Image findings of monomorphic non-hogdkin lymphoproliferative disorder in a post renal transplant patient diagnosed with fluorine-18 fluorodeoxyglucose-positron emission tomography/computed tomography.

Post-transplant lymphoproliferative disorder (PTLD) is a heterogeneous group of lymphoid proliferations caused by immunosuppression after solid organ or bone marrow transplantation. PTLD is categorized by early lesion, polymorphic PTLD and monomorphic PTLD. Fluorine-18 fluorodeoxyglucose-positron emission tomography/computed tomography (F-18 FDG-PET/CT) scans have clinical significance in the evaluation of PTLD following renal transplantation. We report imaging findings of a monomorphic non-Hodgkin lymphoma, post renal transplant seen on FDG PET/CT in a 32-year-old lactating woman. Whole body FDG- ET/CT demonstrated uptake in right external iliac and inguinal lymph nodes.

INTRODUCTION

Post-transplant lymphoproliferative disorder (PTLD) is a rare, but life-threatening disorder, characterized by an uncontrolled proliferation of lymphocytes, caused by immunosuppressive drug-induced diminished immune surveillance.[1] The majority of monomorphic PTLD cases are non-Hodgkin's lymphoma of B-cell origin; in contrast, T-cell lymphoma and Hodgkin's disease are rare.[2] We report imaging features of fluorodeoxyglucose-positron emission tomography/computed tomography (FDG-PET/CT) with monomorphic non-Hodgkin lymphoma PTLD in a post renal transplant.

CASE REPORT

This was a case report of a 32-year-old female patient who had immunoglobulin A nephropathy underwent renal transplant 6 years before and was on immunosuppressants. She is postpartum 6 months and breast feeding, presented with swelling in the right inguinal region. She underwent an excision biopsy of the right inguinal node, which showed diffuse large B cell lymphoma. As a part of evaluation, she was subjected to whole body PET/CT, which showed increased uptake in multiple nodes in right external iliac and inguinal region [Figure 1a and b], also right breast parenchyma uptake [Figure 1c] and transplant kidney noted in right iliac fossa [Figure 1d]. As PET/CT scan confirmed involvement of multiple nodes, patient underwent chemotherapy and asked to stop breast feeding.

Figure 1

Whole body fluorodeoxyglucose-positron emission tomography/computed tomography (PET/CT) maximum intensity projection image (a), axial fused PET/CT showed an intense uptake in the right external iliac lymphnodes (b), right breast parenchyma uptake due to lactation (c) and transplant kidney in right iliac fossa (d) noted

DISCUSSION

PTLD are a heterogeneous group of abnormal lymphoid proliferations that occur after solid organ transplant or hematopoietic transplantation. PTLDs consist of a disease spectrum ranging from hyperplasia to aggressive lymphomas with 60 to 70% being Epstein-Barr virus (EBV) positive.[1] The majority of cases are B-cell, although 10-15% is of T-cell origin or rarely Hodgkin lymphoma. In the initial stages of PTLD, proliferation is polyclonal. With mutation and selective growth, the lesion becomes oligoclonal and later, monoclonal. The incidence rate of monomorphic PTLD was 0.24% and the median time between the transplant and diagnosis of PTLD was 85.8 months.[2] The immunosuppression required to prevent graft rejection post transplantation impairs T-cell immunity, potentially allowing for uncontrolled proliferation of EBV-infected B-cells, which may result in a spectrum of B-cell proliferations that range from hyperplasia to true lymphoma.[3] The mechanisms that cause EBV-negative PTLD are not well-understood. It often presents with a later onset, monomorphic histology and a more aggressive course than EBV-positive PTLD, suggesting that it may have a different pathophysiology.[3]

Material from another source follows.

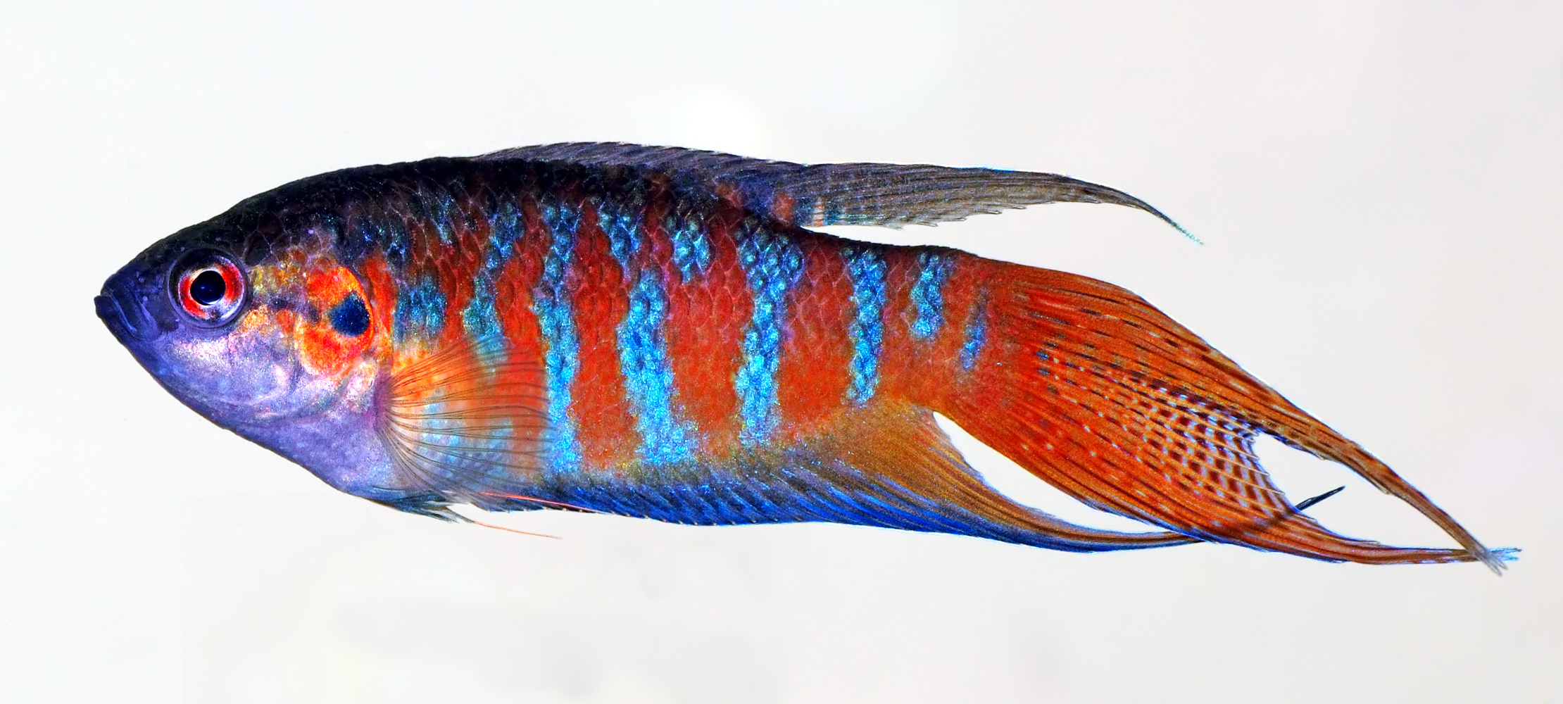 This image shows a Paradise fish (Macropodus opercularis).

Experience with the use of PET in PTLD has been limited to case reports and rather small single-center case series.[456] These reports reveal that PET scan may have a high sensitivity for the detection of PTLD lesions.[78] FDG uptake pattern have been useful in predicting the benign or malignant nature of nodes. In our case, as PET study revealed multiple nodal involvements, patient was subjected to chemotherapy. Our case thus illustrates that FDG PET/CT is an important imaging modality for the detection and accurate staging and restaging of PTLD and to decide upon appropriate treatment.